I can’t help but be impressed by Tynion’s impressive grasp of multiple genres, and honestly, just his name being on the cover makes me want to pick up Batman again after the poor taste Tom King left in my mouth.
Publisher: BOOM! Studios
Writer: James Tynion IV
Artist: Michael Dialynas
Letterer: Aditya Bidikar
Editor: Eric Harburn
Release Date: 22nd July 2020
Before I start with the recently released issue two, let’s take a moment to get on the same page. In issue one we met our lead character Wynd and Molly, his adoptive carer. Her child Oakley has a wonderfully accepting and nurturing relationship with Wynd. The city has a royal class and a healthy heart of working class people manning the utilities of the city. This is where Oakley works, and we are shown many great panels of eye-catching industrialised workings which sharply contrast with the other, more pastel settings.

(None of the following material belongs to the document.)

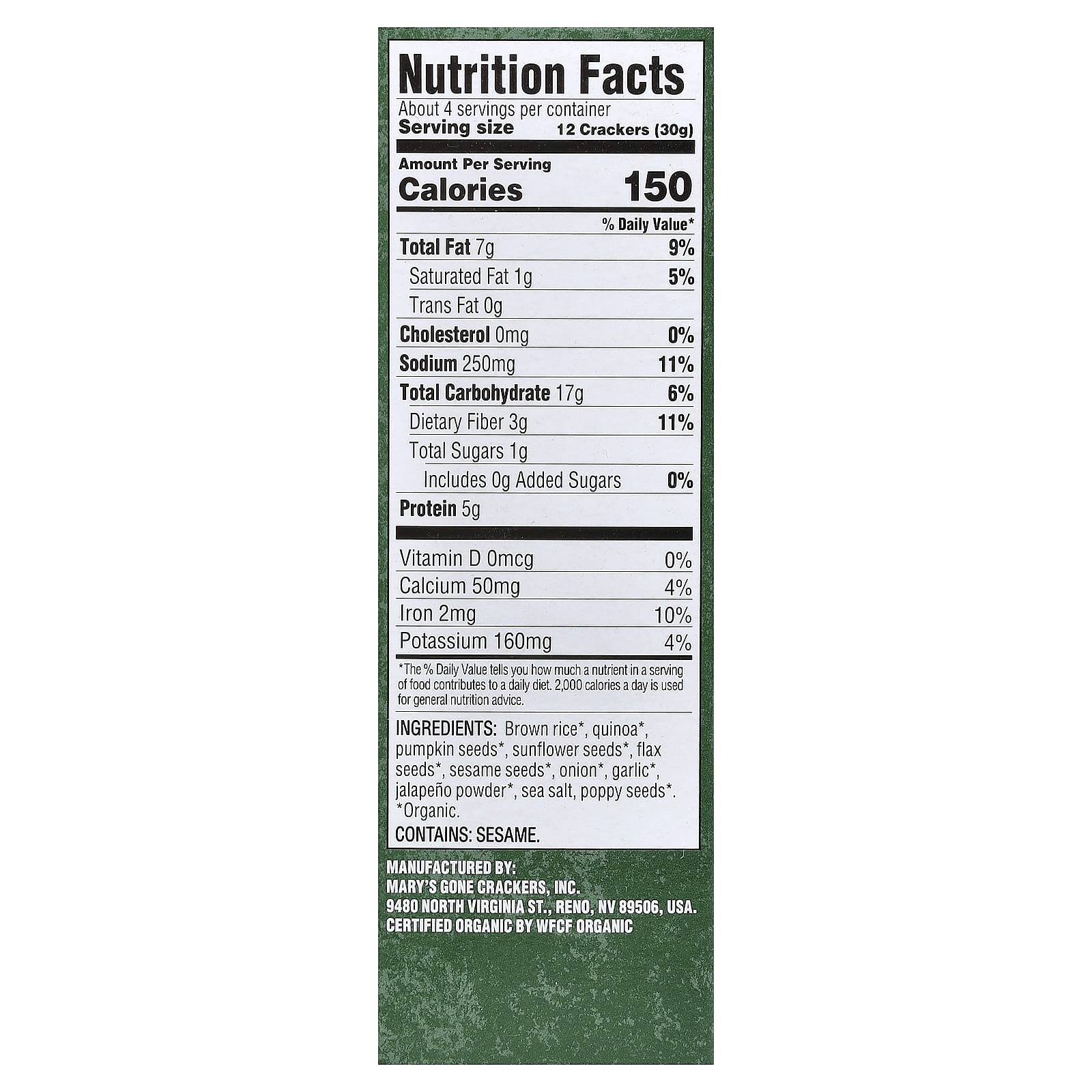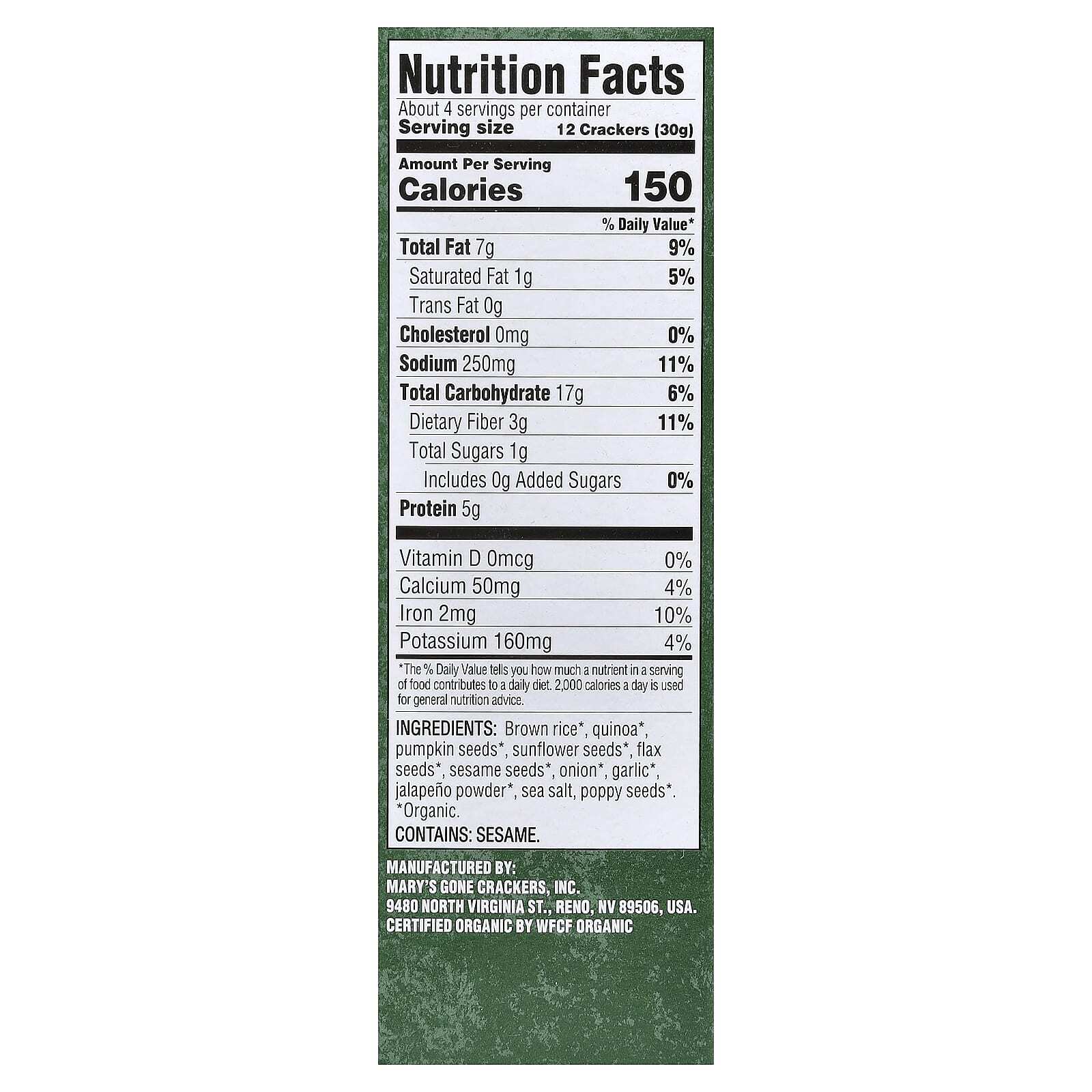 | Размер порции: 12 крекеров (30 г) | ||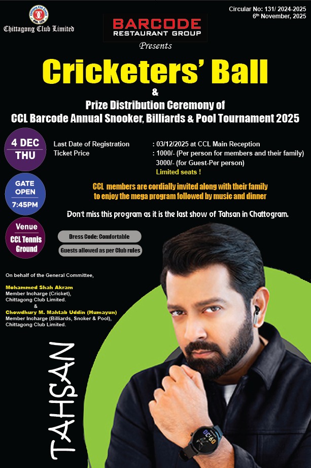 Home/Club Circulars/Cricketer’s Ball & Prize Distribution Ceremony of Annual Snooker, Billiards & Pool Tournament 2025 Club Circulars Cricketer’s Ball & Prize Distribution Ceremony of Annual Snooker, Billiards & Pool Tournament 2025 Facebook X LinkedIn Tumblr Pinterest Reddit VKontakte Share via Email Print

Wynd himself is shown to be a bit of an oddball, being the only character with pointy ears. In the second issue we delve into some of the implications of his magical heritage. The other side of the plot revolves around the royal family and ties in to Wynd’s world through both bloodlines and romantic connections. The important takeaway from issue one is the prejudice and fear towards the magically inclined.
Issue two expands upon the back story of Wynd, his new family and the city itself. The art by Michael Dialynas carries a lot of the weight, saving us from what would otherwise be a solid mass of text. Honestly, Brian Michael Bendis could take a hint here for his Young Justice title. Anyway, the palace scenes serve as a polar opposite to the diner or waterworks we commonly see Wynd’s family in. The story forks into a tail of two families, interweaving plot points from the opening issue.
The royal family, headed by the dying King, is currently facing the turmoil of the decisions he made during his reign. These decisions were very two-dimensional, showing the limited thoughts of a King who chooses to do things by the old ways as opposed to creative and bold decisions. This gives his son, Yorick, a brighter future in which to shine and for the story to grow around him. Yorick is not like his father, and the King is very negative and dismissive of him, but also expects him to follow in his footsteps.
During the King’s rule a racial divide has grown in the kingdom. There are characters of all creeds and colours which helps add to the scaling of the city, but the “blood law” imposed by the King prevents mixing of the magical and mundane races. While Yorick clearly disagrees, he yields to his father’s wishes.
This issue picks up the pace of the story with some well-timed threats. The bandaged man seeks out those imbued with magic and slays them with no mercy and no respite. He will cleanse the city of all magical ‘threats’ as well as those who protect them, which is bad for Molly and her family. The bandaged man is explored in a narrative between Wynd and Molly where Molly explains the height of the risks associated with being magical. During this interaction we explore a little Wynd’s backstory. This is all set up strongly for Wynd’s foundations to presumably come crumbling down for issue three onwards.
Once I read issue one I was left wanting more. Not solely because the story itself was so well developed, but because the world was so immersive and likeable. This issue capitalises on the momentum of the first, but throws some much needed threat into the proceedings. Going into issue three I want to see the implications of the dying king and the journey Wynd is taking. The bandaged man and the other dangers of the divided world are now apparent, and I expect big things as this series unfolds.